I am going to use nicotine-replacement. There is no way that I can quit cold turkey – especially considering the mood swings and emotional rollercoasters I experience while withdrawing from nicotine. Last time I used the full on patch program from step 1 to 3 for all the suggested lengths of time. This time I’m going to be a little more relaxed about it. I am going to start with step 2, do it for a couple of weeks, move on to step 3 for a couple of weeks, and be done with it. I know all the statistics say that following the program is more successful, but I’m just going to try and cut some corners since I think I have the tools and motivation to be successful.

I want to share some quotes and tips that I found to be particularly useful to me when I quit last, as well as things I find useful this time around. I will try to do this as I go along. For now, I will start with the 5 D’s. The 5 D’s are five tools that use can use when you want a cigarette:

  1. Distract – Take your mind somewhere else. Find a chore to do. Eat a healthy snack.
  2. Delay – You can do anything for 5 minutes. Just wait. I have found that 90% of the time, if I wait 5 minutes when craving a cigarette, the craving will go away. In the moment of the craving I’ll think I just can’t live without one. Once I let the moment pass, I regain my self-control.

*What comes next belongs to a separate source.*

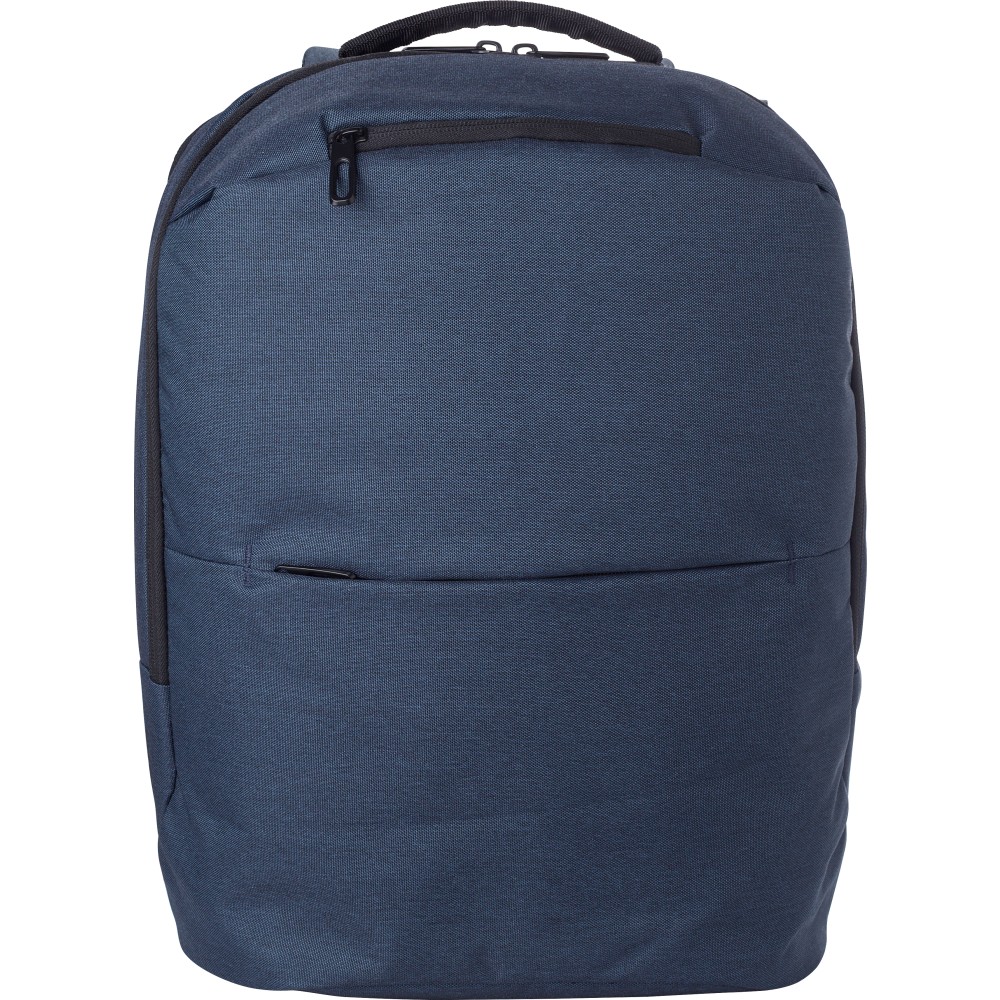 Kéttónusú poliészter (600D) hátizsák. Két cipzáras zseb az elülső oldalon és két nagy cipzáras rekesz a felső oldalon, belül egy laptoprekesz. A hátizsák megerősített, és egy pántot is tartalmaz, amellylel húzókás böröndre rögzíthető.

  3. Discuss – Talk about it. Tell a friend. Go to a meeting. Find a forum. Write in a journal.
  4. Drink Water – As is mentioned in my “Water, Water Everywhere” post, water is great for quitting smoking. It also can replace the hand-to-mouth oral fixation that often accompanies cigarette addiction.
  5. Deep Breaths – Deep breathing is great for stress relief. It can help calm you down when you’re in a frenzy. Breathing can also help you with “Distract” and “Delay.”